Yehoshua spoke at a time of increasing concern about resurgent anti-Semitism. A wave of well-publicized anti-Jewish attacks has swept parts of Europe, especially France, in recent years. On March 31, the European Monitoring Centre on Racism and Xenophobia released a report that said attacks on Jews have risen in several European countries over the past two years. The report said, "The largest group of the perpetrators of anti-Semitic activities appears to be young, disaffected white Europeans. A further source of anti-Semitism in some countries was young Muslims of North African or Asian extraction."

In his speech, Yehoshua referred to statements by former Malaysian Prime Minister Mahathir Mohammed, who said in an October speech that "today the Jews rule the world by proxy," and prominent Greek composer Mikis Theodorakis, who in November called Jews "the root of all evil." But much of what Yehoshua said was counterintuitive, such as his assertion that anti-Semitism among Palestinians is less intense than in surrounding Arab countries.

"Why? Because we are real. [The Palestinians] hate us, but ... they see us in our real dimension," he said.

That argument, which Yehoshua made in response to a question from the audience, goes to the heart of his thesis: that anti-Semitism takes root when people substitute fearful fantasies for what they can't nail down about Jewish identity. For this reason, artists, with their often fervid and disturbing imaginations, sometimes show the severest expressions of anti-Semitism, he said. It is also for this reason, Yehoshua said, that Jews must clarify their identity and work to understand "the dangerous, pathological interaction that sometimes occurs between Jews and their surroundings."

Many Zionist and secular Jewish intellectuals of the early 20th century tried to thoroughly and objectively examine the motives of anti-Semites, Yehoshua said. But this trend all but ground to a halt as a result of the world wars, "lest any kind of objective understanding, even the most reserved, would confer indirect legitimacy on the worst crimes in all of history," he added.

He cautioned against describing Jewish identity through "romantic evasions" about "mystery and enigma," quoting Freud as saying Jews and Judaism are invested with "an irresistible attraction" and "emotions that have great power precisely because they could not be defined in words."

"If there is a clear lesson in the Holocaust, in my opinion, it is a lesson that obliges us to make every serious intellectual effort to understand -- but heaven forbid to not justify -- the rationales that bring people to commit such terrible crimes against the Jews," he said. "We must empower ourselves against possible future attacks.
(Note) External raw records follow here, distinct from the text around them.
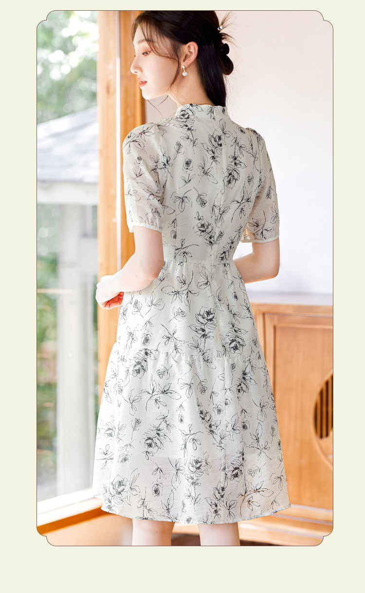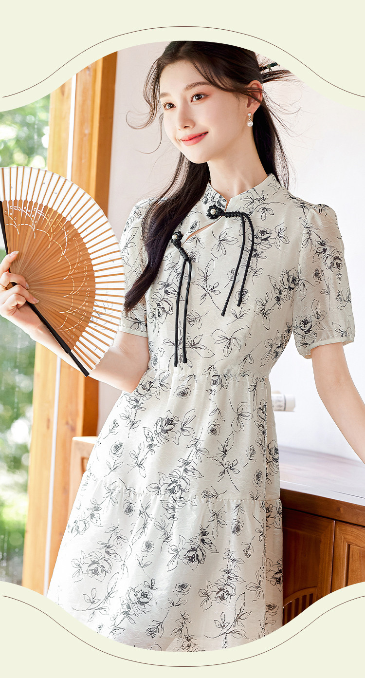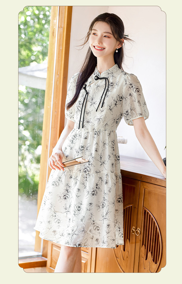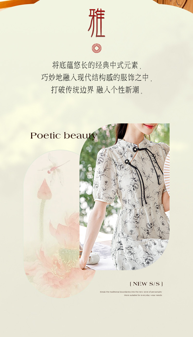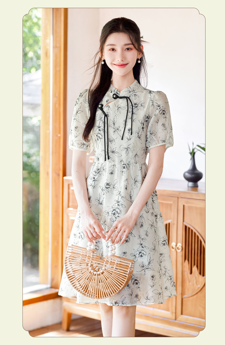 【墨色瑰钰】夏高级感改良旗袍花形流苏扣设计显瘦小个子连衣裙 992984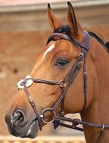 Уздечка c мексиканским капсулем. Улучшает управляемость, не давит на чувствительные точки на морде лошади и не препятствует дыханию. Изогнутый анатомический затылочный ремень дает больше пространства для основания ушей и снимает давление с затылка лошади. Матовая фурнитура из высококачественной нержавеющей стали, прочные английские крючки на нащечных ремнях. Повод в комплект не входит.Нет в наличии, ожидается поступление.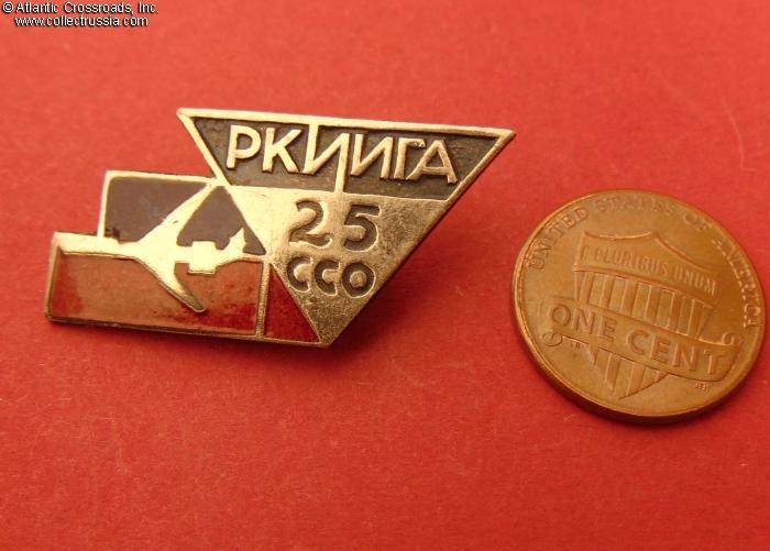 Soviet college student construction units (SSO) were organized during the summer for assistance in crucial areas of economic development. In the 70s-80s they were usually deployed in the Far East and North of the Soviet Union. Some of these labor assignments were quite popular and even competitive, as they often offered unusually high earnings to students otherwise chronically starved for cash. The 1985 SSO unit of the RKIIGA institute was probably deemed particularly important because of the 25th anniversary of the school - hence the unusually nice quality badge issued to its members.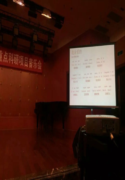 12月22日,由我系唐竹雅老师负责、主持,参研团队成员:我系青年教师张运超,叶琤,郭莹,徐子雯共同研究,由我系艺术指导教师谭赟、吕晴担任钢琴伴奏的院级重点科研课题《国际音标在外国歌曲中的应用》科研音乐会在星海音乐厅成功举办。 音乐会将研究成果一一运用在了意大利语、德语和法语歌曲的演唱中。整场音乐会每首歌曲钧用国际音标标注,并突出标注出了易错发音,音标与演唱实际结合等核心成果都在现场用投影仪投放在大屏幕上供专家,老师,观众现场指导和参考。参加音乐会的12名学生都是来自课题组成员的声乐教学班,他们通过课题研发成果,逐字逐句纠正外语发音,现场实际演唱效果都得到了观众的一致肯定。尤其是该课题对中国歌曲同样可以使用国际音标的延伸研究更是音乐会的亮点。 本次科研项目音乐会的成功举办,标志着我系科研与实际声乐教学相结合已经迈出了一大步,但仍然还需要课题组全体师生继续努力和研究,争取创造新的高度与成果。
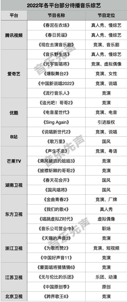 2022年已经过去了两个多月,今年还会有哪些音乐综艺?在此,音乐先声汇总了各平台的部分音乐节目,来看一看今年音综的趋势。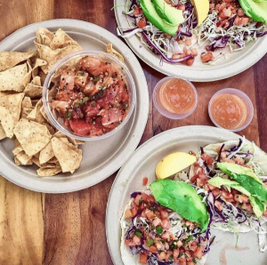 I got the salmon poke bowl and my mom got the bear flag tacos.

Part of this empowerment and preparation for the possibility of more destruction ... [is] not just a profound understanding of the evil and its roots, but a profound understanding of the roots of Jewish being and its interaction with the world around it."

In concluding his remarks, he explained that if he were addressing a roomful of anti-Semites, he would tell them: "It is not by chance that you are projecting so much about the Jews, because the Jews invite you by this imaginative identity to do this projection. But before you do this false projection, try to understand a little bit what is your problem."

English Professor John Felstiner, an editor of Jewish American Literature: A Norton Anthology, described the talk as a "strong and strongly written speech," but also admitted some reservations about it.

"Yehoshua's perception of Jews' unclear identity as a trigger of Jew-hatred does seem to saddle Jews with some sort of blame," he said in an e-mail. "Specifically, I felt his talk hovered over but never settled into a related conviction of his: namely, the possibility of normative Jewish life in the land of Israel and the futility of identifiably Jewish existence in the Diaspora, away from Israel. I wish he'd vented that (to me, not exactly tenable) thought as well."

Yehoshua's most recent novel is The Liberated Bride. He was born in Jerusalem in 1936. Today he lives in Haifa. His talk was made possible by the Jewish Community Endowment Fund Lecture, organized by the Taube Center for Jewish Studies.